• **EXERCISE BRIEF**:
Would you reproduce, word for word, only the lines running from the top of the data through the line containing "Giới thiệu [BÁN", and none of the pictures?

/---

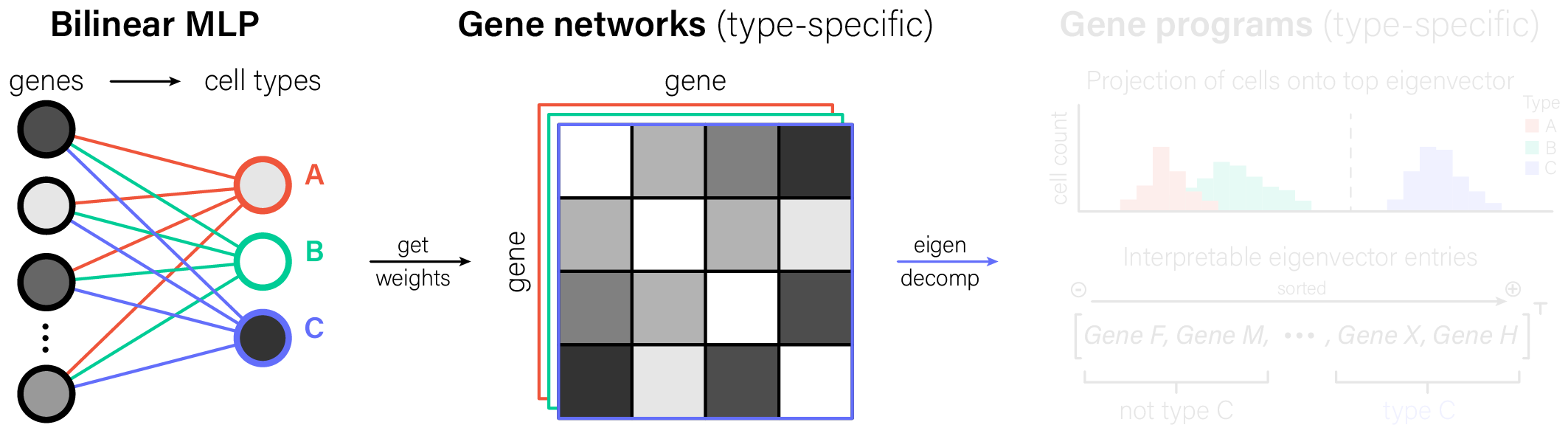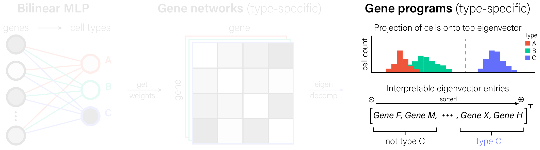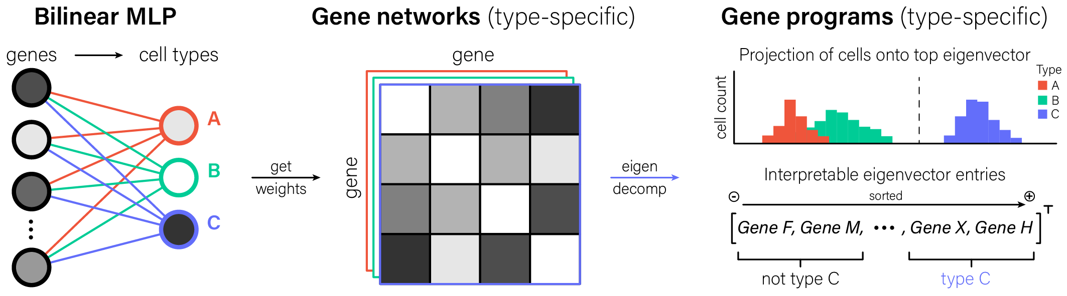 The key step in interpreting bilinear MLPs is seeing the weights for a given cell type output as a gene-gene graph. Once we have that graph, we can make the conventional single-cell transcriptomics move: eigendecompose its adjacency matrix to identify interpretable gene programs.
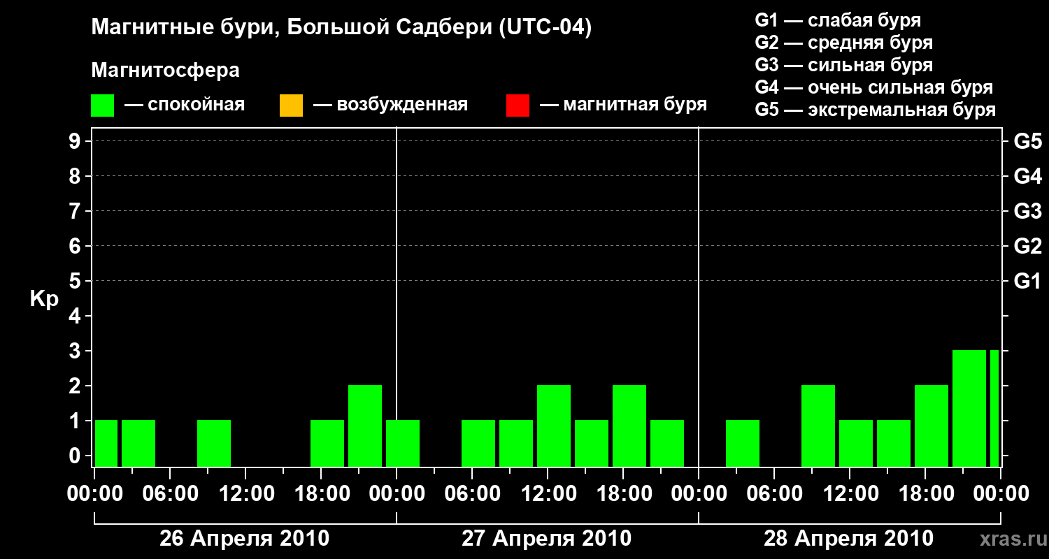 Изменения геомагнитного индекса Kp с 26 по 28 апреля 2010 года для средних широт
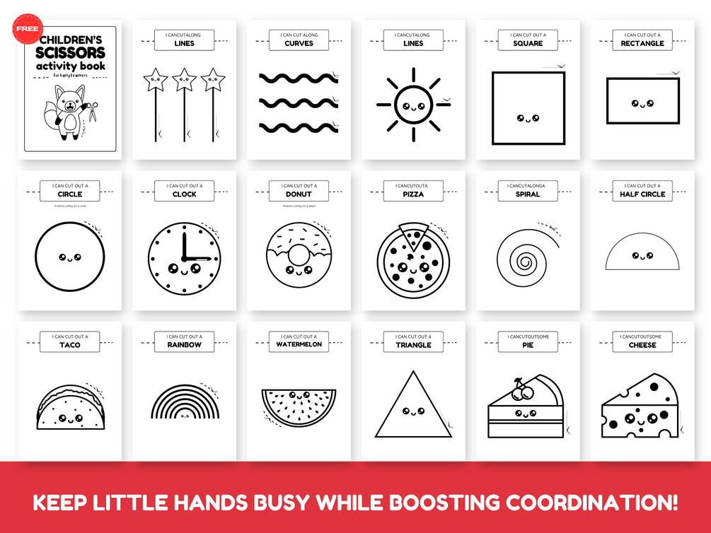 🎁 Bonus: Children’s Scissors Activity Book (cut-and-learn printables) included at no extra cost!
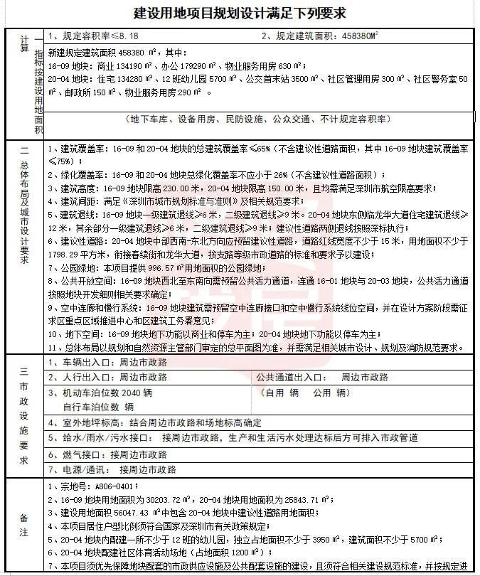 2、龙华民治街道A806-0400宗地:二类居住用地,土地面积约12009平方米,建筑面积72050平方米,挂牌起始价19.39亿,*高限价22.29亿,普通商品住房平均销售价格不高于72450元/平方米。
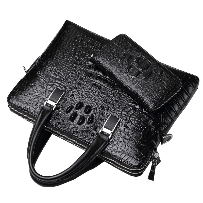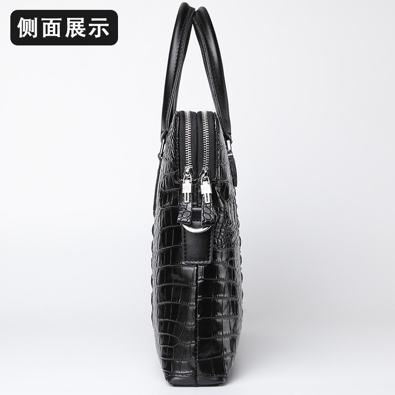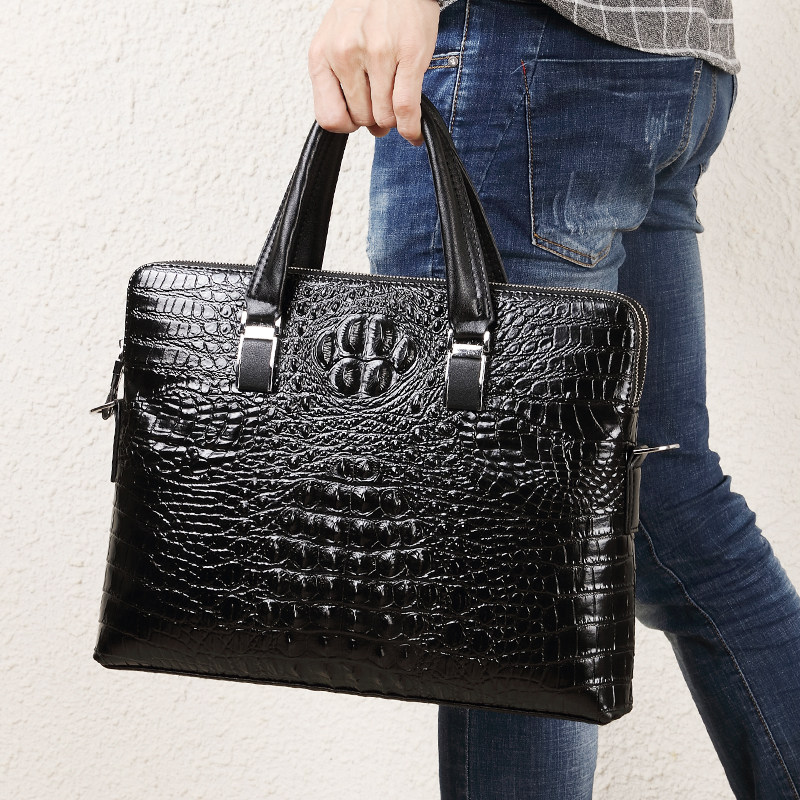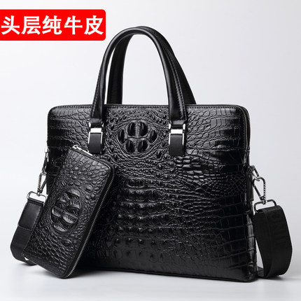 男士手提包真皮公文包横款鳄鱼纹皮包时尚潮流单肩男包牛皮商务包
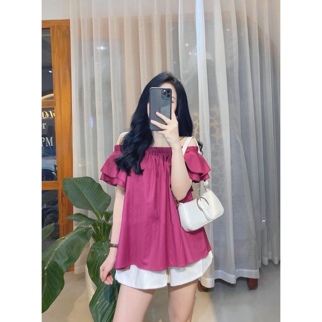 Giới thiệu [BÁN SET-BÁN ÁO-BÁN QUẦN] Áo Trễ Vai, Áo Kiểu Nữ Tay Bèo Cánh Tiên Mặc Phối, Quần Sooc, Chân Váy
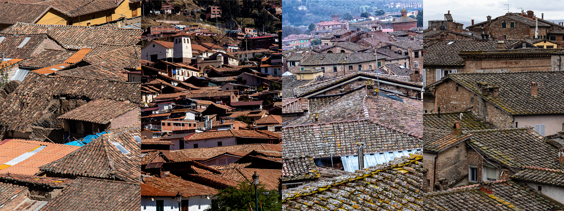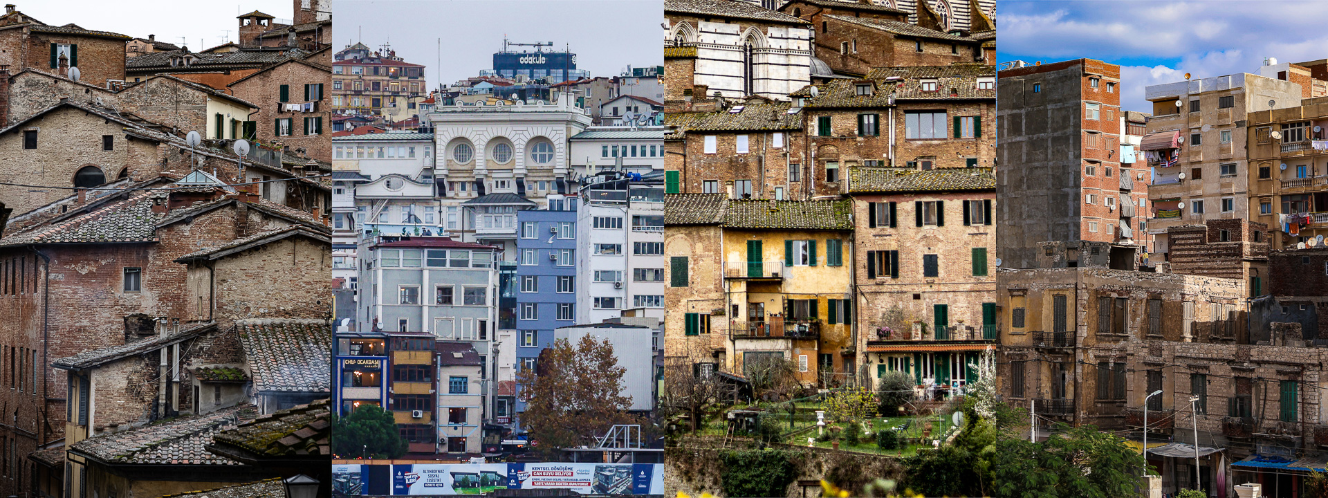 No poema Hablo de la Ciudad, Octavio Paz trata a cidade moderna como um labirinto, construído por camadas de tempo onde ruína e presente coexistem. Como Dédalo, Alessandra Almeida constrói com fotografias seu próprio labirinto: sua cidade (ou todas as cidades). Dentro do hexágono iluminado, figura geométrica e regular, as fotografias de fachadas e telhados superpostos nos desorientam, e expõem a contradição entre a vontade de ordem (o polígono, o diagrama) e a realidade histórica do construir (a solução local, o remendo, a adição); entre a vontade individual e a força coletiva. No centro deste labirinto, a artista nos confronta com um paradoxo: estamos em um espaço interior construído inteiramente por exteriores, um dentro feito de foras. Representação das grandes cidades onde o público e o privado muitas vezes se chocam. Onde Habitamos não nos dá um atlas turístico, mas um campo de restos heterogêneos que se friccionam. Florianópolis, Istambul, Cairo, Alexandria, Siena, Capadócia, Liubliana, Luxor, Cusco e Lima formam um emaranhado de superfícies que mais escondem do que revelam e tornam-se signo da cidade que se faz por montagem e sobreposições, que nos engendra e nos devora.

\---

• **OUTPUT OF THE EXERCISE**:
 The key step in interpreting bilinear MLPs is seeing the weights for a given cell type output as a gene-gene graph. Once we have that graph, we can make the conventional single-cell transcriptomics move: eigendecompose its adjacency matrix to identify interpretable gene programs.
 Изменения геомагнитного индекса Kp с 26 по 28 апреля 2010 года для средних широт
 🎁 Bonus: Children’s Scissors Activity Book (cut-and-learn printables) included at no extra cost!
 2、龙华民治街道A806-0400宗地:二类居住用地,土地面积约12009平方米,建筑面积72050平方米,挂牌起始价19.39亿,*高限价22.29亿,普通商品住房平均销售价格不高于72450元/平方米。
 男士手提包真皮公文包横款鳄鱼纹皮包时尚潮流单肩男包牛皮商务包
 Giới thiệu [BÁN SET-BÁN ÁO-BÁN QUẦN] Áo Trễ Vai, Áo Kiểu Nữ Tay Bèo Cánh Tiên Mặc Phối, Quần Sooc, Chân Váy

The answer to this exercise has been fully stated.